Jury out on low euro exchange rate path despite ECB measures
Irish analysts said the ECB’s measures announced by president Mario Draghi on Thursday to boost the eurozone will likely result in borrowing costs staying low for even longer.
The outlook for the euro however, is much more clouded.
Investec Ireland, which had earlier forecast the ECB would be reluctant to raise interest rates before 2019, now believes the period of ultra-low eurozone rates may extend into the 2020s.
But analysts are still working out the implications for stock markets and how investors will make money in a period of rock-bottom rates, said David Lynch, sales trader at IG.
Mr Lynch said that the ECB measures to extend its firepower to acquire bonds and cut interest rates appeared to suggest that the eurozone economy was in a more fragile place than first thought.
“And the ECB is having no effect on inflation and interest rates are going to stay lower for some considerable time,” he said.
The weak euro, particularly against sterling, had done much last year to boost indigenous Irish firms exporting into Britain.
At 70 pence per euro, Irish firms late last year had enjoyed an exceptional price advantage which helped boost their profits.
However, the currency has since strengthened by 10% to over 77p, meaning the currency boost that had propelled many Irish exporters may now have unwound, Mr Lynch said.
Worries about the UK public potentially voting to leave the EU in the referendum on June 23 have weighed on sterling this year.
Meanwhile, expectations last year the Bank of England might increase interest rates — which could have helped boost sterling against the euro — have evaporated.
Yesterday, sterling advanced the most in more than a week against the euro as the ECB’s expansion of monetary stimulus moved its policy further from that of the Bank of England.

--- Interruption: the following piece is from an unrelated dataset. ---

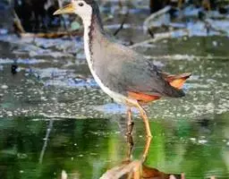 幼鸟头、颈和上胸褐色,颈和上胸具棕褐色斑点,上体包括两翅和尾黑褐色,具绿色和紫色光泽,翅覆羽、肩羽、次级飞羽、三级飞羽和尾羽具淡皮黄褐色斑点,下胸、腹、两胁和尾下覆羽白色,胸和腹部中央微沾棕色,嘴、脚褐灰色或橙红色。

Sterling climbed even as a report showed that Britain’s construction output unexpectedly declined in January, adding to signs the economy is losing momentum.
The ECB’s new measures have just entrenched policies designed for crisis times into the next decade.
“It’s hard to see what would happen with the eurozone economy without the ECB being there, and obviously they could do more of the same and then even more of the same,” Carsten Brzeski, chief economist at ING DiBa in Frankfurt said.
The single currency fell on Thursday before rising again as Mr Draghi spoke, as investors were confused by his signals for the future path of rates.
That signal was then reversed a few moments later when he said it was not likely that they would actually need to go lower.
US stocks yesterday rose to join a global rally, poised to erase a weekly decline as investors reassessed stimulus measures in Europe.
“Any aggressive moves to stimulate growth to keep expansion on track is positive,” said Joe Quinlan, chief market strategist at US Trust, Bank of America Private Wealth Management.